** Supplied material **
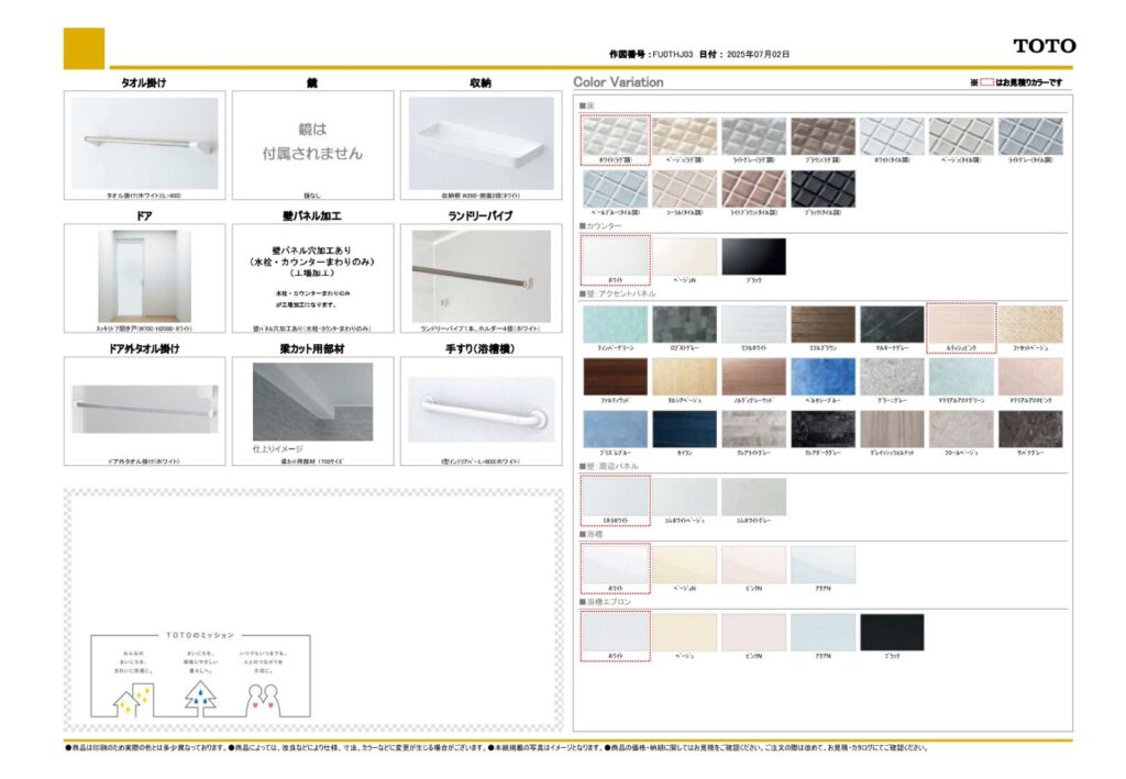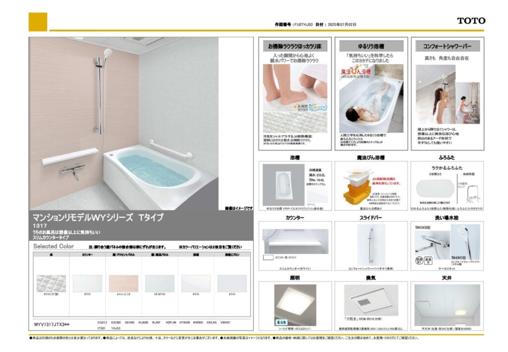 取り付け製品名 | TOTO マンションリモデルWYシリーズ |
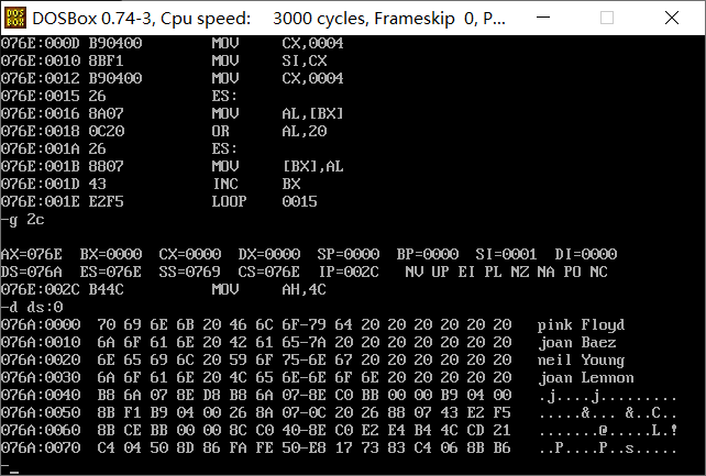 1 assume cs:code, ds:data 2 3 data segment 4 db 'Pink Floyd ' 5 db 'JOAN Baez ' 6 db 'NEIL Young ' 7 db 'Joan Lennon ' 8 data ends 9 10 code segment 11 start: 12 mov ax, data 13 mov ds, ax 14 15 mov ax, data 16 mov es, ax 17 18 mov bx, 0 19 mov cx, 4 20 s1: 21 mov si, cx 22 mov cx, 4 23 24 s2: 25 mov al, es:[bx] 26 or al, 20h 27 mov es:[bx], al 28 inc bx 29 loop s2 30 31 mov cx, si 32 mov bx, 0 33 34 mov ax, es 35 inc ax 36 mov es, ax 37 38 loop s1 39 40 mov ah, 4ch 41 int 21h 42 code ends 43 end start
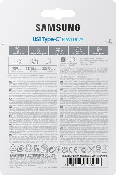 Файли залишаються в безпеці, де б ви не були. Лідерство Samsung у виробництві флеш-пам'яті робить накопичувач Type-C надійним пристроєм для зберігання ваших цінних даних. Він має водонепроникний, ударостійкий, магнітостійкий, термостійкий та рентгеноконтрастний корпус, на який надається 5-річна обмежена гарантія.
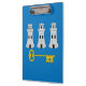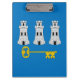 Clipboard with design with flag of Havana, capital city of Cuba, blue flag with three castles and golden key
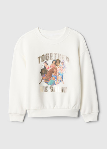 Дитячий світшот Disney Princess GAP. Світшот із м'якої тканини, утеплений флісом зсередини. Довгі рукави, еластичні манжети і поділ у рубчик. Круглий виріз. Спереду принт з принцесами з мультфільмів Disney і золотистий напис. Відмінна якість.
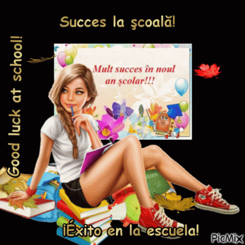 An animated image of a girl sitting on books, wishing 'Good luck at school!' in multiple languages.
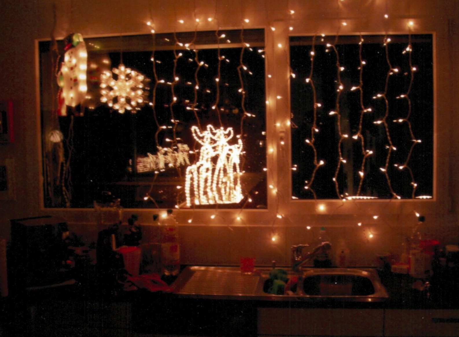 Als erstes kam ein leerer Schneeschlitten, gezogen von Rentieren. Dann haben wir einen Weihnachtsmann aus einer Strickleiter befreit (der Typ Weihnachtsmann, der aussen an der Wand hängt und über die Strickleiter in die obere Wohnung steigt) und in den leeren Schlitten gesetzt. Schön anzusehen. Nur sah das niemand, klar, wohnen wir doch zuoberst und nur die Häuser weiter oben am Hang konnten unsere Dekoration bestaunen. So haben wir dann im darauffolgenden Jahr eine Leuchtkette auf der hinteren Seite unserer Wohnung über die halbe Länge der Wohnung jeweils vom Dach bis hin zum Geländer gezogen. Blaue Lichter. Es fehlte noch die andere Seite. Wir haben noch mehr Lichter gekauft und um den Weihnachtsschlitten weitere Figuren angehäuft.
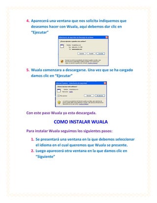 Este documento proporciona instrucciones para descargar, instalar y configurar la aplicación Wuala en un computador. Explica los pasos para descargar e instalar el software, crear una cuenta de usuario en Wuala y subir archivos a la cuenta.
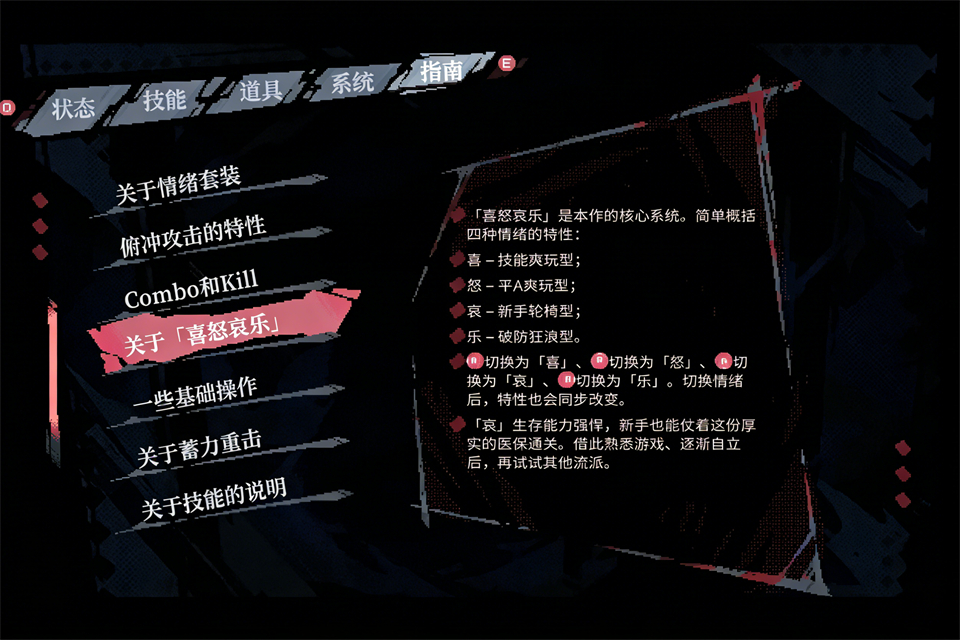 游戏战斗系统非常丰富,秦心有五种模式,喜怒哀乐,以及无情绪状态,喜怒哀乐对应有四套专属技能选择,每种状态可以额外选两种技能。
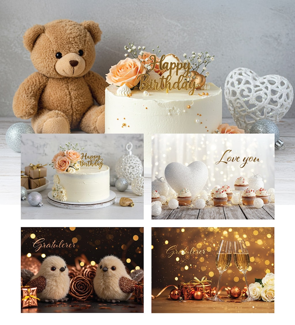 Kortpakken inneholder: 7 stk. Universale gratulasjonskort • 5 stk. Bursdagskort alle aldre • 2 stk. Bursdagskort barn • 2 stk. Bursdagskort/konfirmasjon ungdom • 4 stk. Valentineskort/spesielle anledninger • 20 stk. Konvolutter tilpasset kortene.
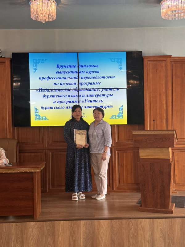 25 июня 2024 г. в Высшей школе бурятского языка и литературы состоялась церемония вручения дипломов выпускникам курсов профессиональной переподготовки по целевой программе «Педагогическое образование: учитель бурятского языка и литературы» и программе «Учитель бурятского языка и литературы».
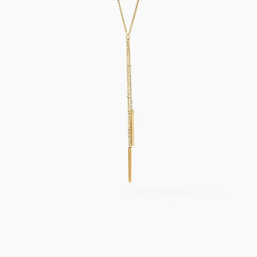 Collier Or Jaune 375/1000 Motif Double Chaine Cravate Avec Barrettes Maille Jaseron 40+2cm
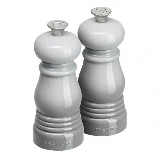 De peper- en zoutmolenset mist grey van Le Creuset is gemaakt van grijs kunststof en heeft een lengte van 11 cm. De molen heeft een klassiek ontwerp en is eenvoudig te vullen. Met het keramische maalmechanisme maalt u zowel grof en fijn. Het maalsysteem is eenvoudig aan te passen naar uw wens, zodat u uw gerechten altijd op de juiste smaak brengt. De sluitdoppen zijn voorzien van een duidelijke markering, waardoor de molens gemakkelijk te onderscheiden zijn.

** Prompt **
For the data above, set down exactly the lines from the line with "Дитячий світшот Disney" to the line with "Collier Or Jaune", both included, leaving pictures out.

** Answer section **
 Дитячий світшот Disney Princess GAP. Світшот із м'якої тканини, утеплений флісом зсередини. Довгі рукави, еластичні манжети і поділ у рубчик. Круглий виріз. Спереду принт з принцесами з мультфільмів Disney і золотистий напис. Відмінна якість.
 An animated image of a girl sitting on books, wishing 'Good luck at school!' in multiple languages.
 Als erstes kam ein leerer Schneeschlitten, gezogen von Rentieren. Dann haben wir einen Weihnachtsmann aus einer Strickleiter befreit (der Typ Weihnachtsmann, der aussen an der Wand hängt und über die Strickleiter in die obere Wohnung steigt) und in den leeren Schlitten gesetzt. Schön anzusehen. Nur sah das niemand, klar, wohnen wir doch zuoberst und nur die Häuser weiter oben am Hang konnten unsere Dekoration bestaunen. So haben wir dann im darauffolgenden Jahr eine Leuchtkette auf der hinteren Seite unserer Wohnung über die halbe Länge der Wohnung jeweils vom Dach bis hin zum Geländer gezogen. Blaue Lichter. Es fehlte noch die andere Seite. Wir haben noch mehr Lichter gekauft und um den Weihnachtsschlitten weitere Figuren angehäuft.
 Este documento proporciona instrucciones para descargar, instalar y configurar la aplicación Wuala en un computador. Explica los pasos para descargar e instalar el software, crear una cuenta de usuario en Wuala y subir archivos a la cuenta.
 游戏战斗系统非常丰富,秦心有五种模式,喜怒哀乐,以及无情绪状态,喜怒哀乐对应有四套专属技能选择,每种状态可以额外选两种技能。
 Kortpakken inneholder: 7 stk. Universale gratulasjonskort • 5 stk. Bursdagskort alle aldre • 2 stk. Bursdagskort barn • 2 stk. Bursdagskort/konfirmasjon ungdom • 4 stk. Valentineskort/spesielle anledninger • 20 stk. Konvolutter tilpasset kortene.
 25 июня 2024 г. в Высшей школе бурятского языка и литературы состоялась церемония вручения дипломов выпускникам курсов профессиональной переподготовки по целевой программе «Педагогическое образование: учитель бурятского языка и литературы» и программе «Учитель бурятского языка и литературы».
 Collier Or Jaune 375/1000 Motif Double Chaine Cravate Avec Barrettes Maille Jaseron 40+2cm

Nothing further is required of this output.